Epizyme® has entered into strategic collaborations for several of our therapeutic programs. These collaborations are important elements of our strategy to build a leading, independent biopharmaceutical company. We believe that our collaborations contribute to our ability to rapidly advance our therapeutic product candidates, build our product platform and concurrently progress a wide range of discovery and development programs. Our therapeutic collaborations have provided us with approximately $184 million in non-equity funding. Additionally, our therapeutic collaborations provide us with research funding and the potential for more than $1 billion of research, development, regulatory, and sales-based milestone payments, as well as royalties or profit sharing on any net product sales. We have retained commercialization or co-commercialization rights in the United States for the programs in our Celgene and Eisai collaborations.
In April 2012, we entered into a collaboration and license agreement with Celgene under which we granted Celgene an exclusive license to our DOT1L program outside the United States, including EPZ-5676, the therapeutic candidate now in clinical development. We also granted Celgene the option to license rights outside the United States for other HMT programs, excluding HMT targets covered by our two other existing therapeutic collaborations. We retain 100 percent of United States rights and are eligible to receive royalties on net product sales outside of the United States.
Under the terms of the agreement, we received a $65.0 million upfront payment and $25.0 million from the sale of our series C preferred stock to an affiliate of Celgene. In addition, we earned a $25.0 million milestone payment for achieving proof of concept in the EPZ-5676 clinical program, received $3.2 million of research co-funding, and are eligible to earn up to $135.0 million in additional development and regulatory milestone payments related to DOT1L and up to $165.0 million in option exercise fees and development and regulatory milestone payments related to each additional target as to which Celgene exercises its option during an initial option period ending in July 2015. Celgene has the right to extend the option period until July 2016 by making a significant option extension payment. As to DOT1L and each available target as to which Celgene exercises its option, we are eligible to receive royalties for each target at defined percentages ranging from the mid-single digits to the mid-teens on net product sales outside of the United States subject to reduction in specified circumstances.
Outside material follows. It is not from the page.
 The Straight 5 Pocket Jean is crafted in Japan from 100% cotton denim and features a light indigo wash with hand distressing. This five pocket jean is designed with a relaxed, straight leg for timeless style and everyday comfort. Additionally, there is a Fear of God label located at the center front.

In April 2011, we entered into a collaboration and license agreement with Eisai under which we granted Eisai an exclusive worldwide license to our EZH2 program, including EPZ-6438, while retaining an opt-in right to co-develop, co-commercialize and share profits with Eisai as to licensed products in the United States.
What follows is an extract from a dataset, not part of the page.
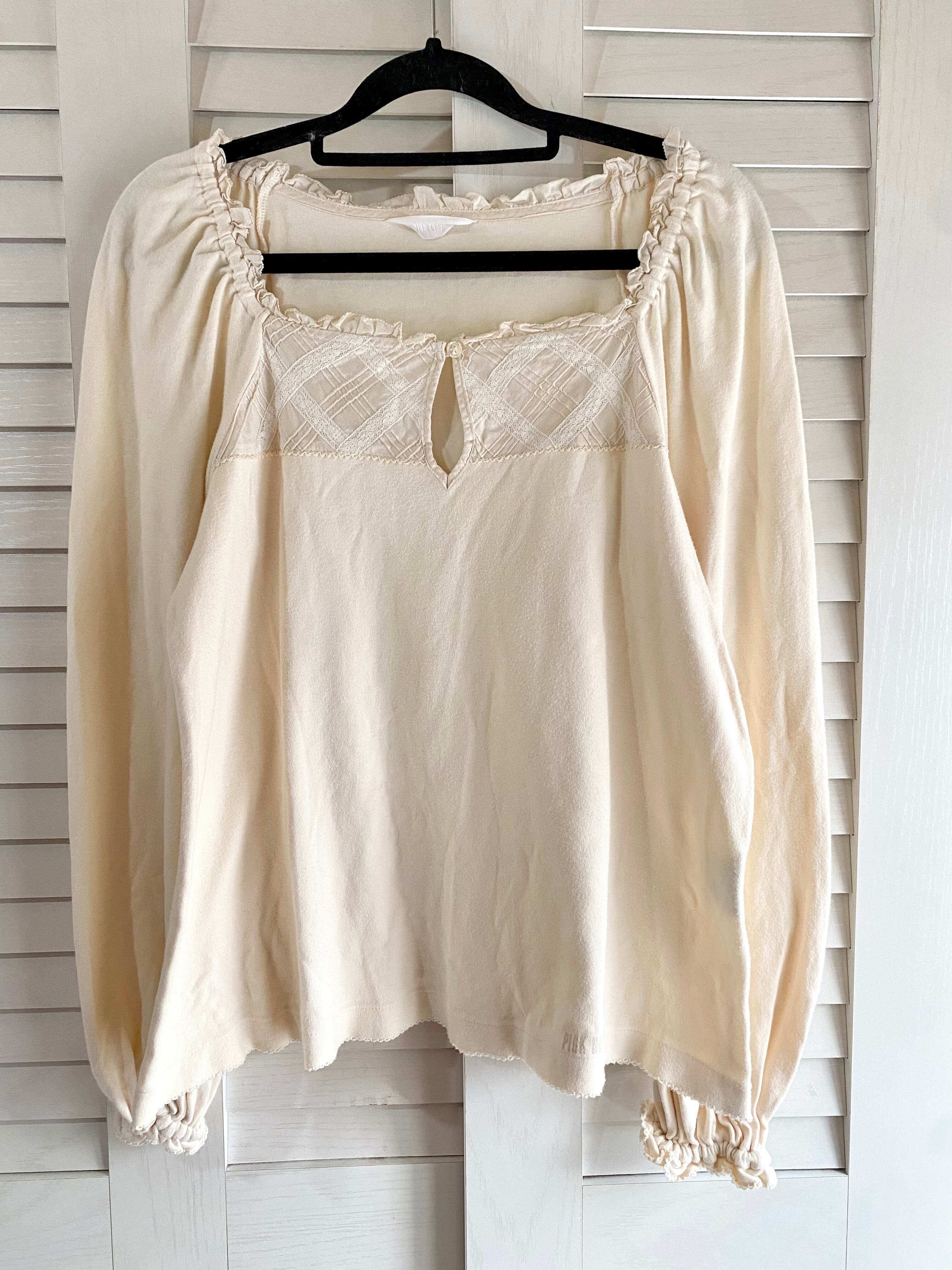 #196 PINK HOUSE レース&ピンタックヨーク スクエアカラー ボリュームスリーブカットソープルオーバーブラウス アイボリー

Under the terms of the agreement, we received a $3.0 million upfront payment. In addition, we have received $20.8 million in research funding payments, earned $13.0 million in milestone payments, and are eligible to receive up to $195.0 million in additional milestone payments, comprising aggregate development and regulatory milestone payments of up to $80.0 million and sales-based milestone payments of up to $115.0 million. We are also eligible to receive royalties on any net product sales.
Eisai solely funds all research, development and commercialization costs for licensed compounds. If we exercise our opt-in right to co-develop, co-commercialize, and share profits with Eisai, we are required to share ongoing U.S. development costs with Eisai, Eisai is entitled to recover a portion of past development costs as a partial reduction of future milestone payments and royalties paid to Epizyme, and the milestone payments we are eligible to receive in the future are reduced.
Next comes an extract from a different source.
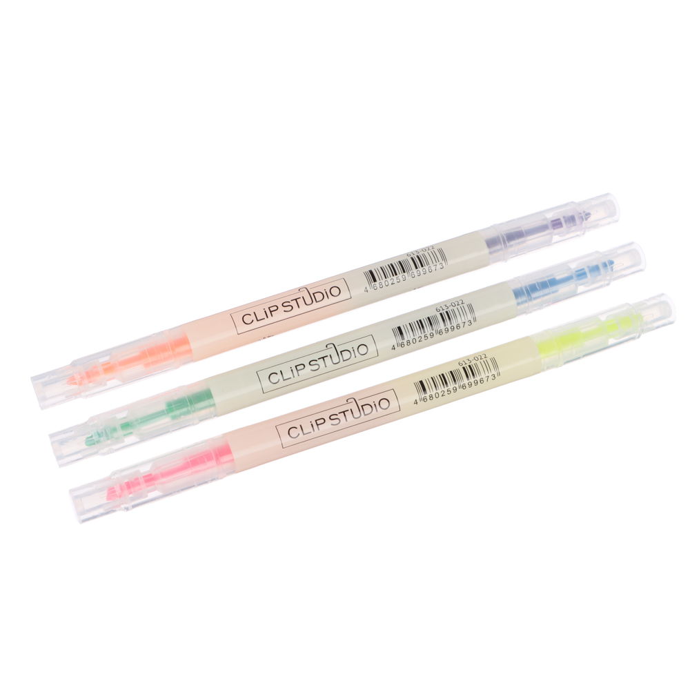 Маркер-выделитель от ClipStudio - это 2-сторонний маркер-выделитель, разные цвета с каждой из сторон. Его используют, чтобы выделять в печатном и рукописном тексте важную информацию. Хорошо лежит в руке и не скользит. Толщина линии 3 мм - хватает, чтобы полностью выделить строку текста. Не отображается на ксерокопиях и факсах. Не пропитывает бумагу и не размазывает рукописный текст.

In January 2011, we entered into a collaboration and license agreement with GSK to discover, develop and commercialize novel small molecule HMT inhibitors directed to three targets from our product platform.
Under the agreement, we received an upfront payment of $20.0 million. In addition, we have received a $3.0 million payment upon the execution of an agreement amendment, $6.0 million of fixed research funding, $6.7 million in research funding payments and $15.0 million in milestone payments and are eligible to receive up to $620.0 million in additional milestone payments, comprising aggregate research, development and regulatory milestone payments of up to $402.0 million and sales-based milestone payments of up to $218.0 million. In addition, GSK is required to pay us royalties on worldwide net product sales.
Companion Diagnostic Collaborations
In collaboration with established diagnostic companies, we are developing companion diagnostics to identify patients who have the specific genetically defined cancer targeted by each of our therapeutic product candidates.
In December 2012, together with Eisai, we entered into an agreement with Roche Molecular Systems, Inc., to develop and to commercialize a companion diagnostic for use with our EPZ-6438 therapeutic product candidate. The development costs under the agreement with Roche will be the responsibility of Eisai until such time as we may exercise our opt-in right under the collaboration with Eisai. If we exercise our opt-in right under the Eisai agreement, the costs under the Roche agreement will be shared by us and Eisai as determined under the profit share and co-commercialization components of the Eisai collaboration agreement.
In February 2013, we entered into an agreement with Abbott under which we agreed to fund Abbott’s development of a companion diagnostic to identify patients with the MLL-r genetic alteration targeted by EPZ-5676.